Когда я выхожу, Хейс прислоняется к прилавку и читает детскую книжку. Только сейчас торчат по крайней мере полсотни разноцветных ярлычков, и похоже, что он стирал их дважды. Он предан, должна я сказать.
— Знаешь ли ты, что в тринадцать недель у младенцев в деснах формируются зубы? Даже если вы их не видите. Это чертовски круто. —Он улыбается, и я на мгновение ослеплена.

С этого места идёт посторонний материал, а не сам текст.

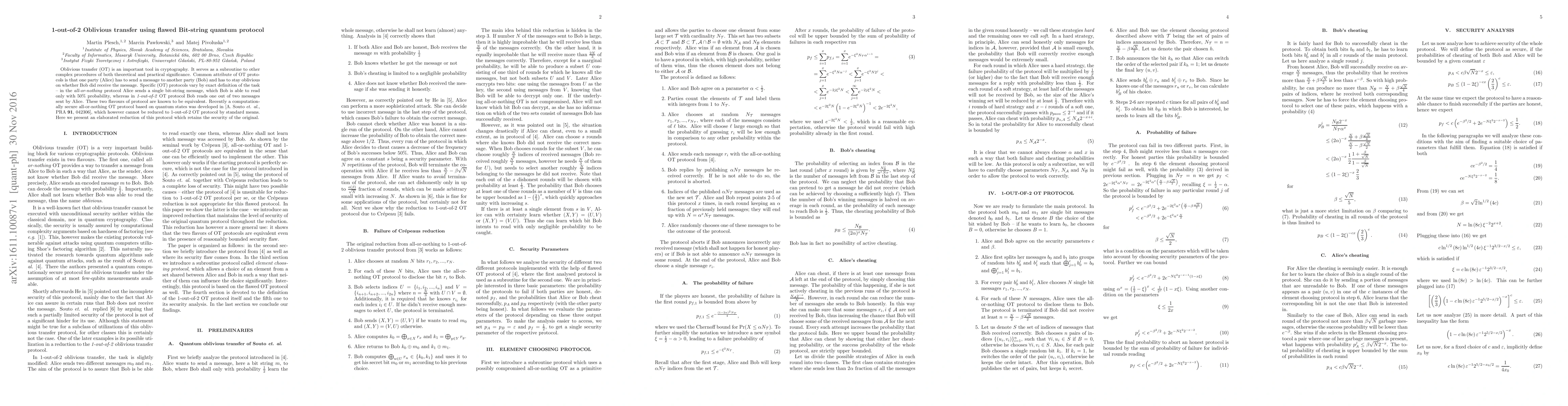 This paper presents a secure reduction of a quantum-based all-or-nothing oblivious transfer protocol to a 1-out-of-2 oblivious transfer protocol, maintaining the original protocol's security despite flaws in the bit-string quantum protocol. This advancement enhances the applicability of quantum oblivious transfer in cryptographic applications.

Каким чертовски красивым он выглядит.
Это раздражает. Он раздражает. Раздражающе милый со всеми своими случайными детскими фактами, хранящимися в его огромном мозгу.
Он добрый и заботливый, и это мило, что он так счастлив быть отцом. Это совсем не то, что я ожидала.
— Это круто. Ты закончил эту книгу? Она вот-вот развалится, — говорю я, когда он кладет ее на прилавок, отмечая свое место, прежде чем схватить ключи и бумажник.
— Нет, я просто читаю это, когда у меня есть свободная минутка.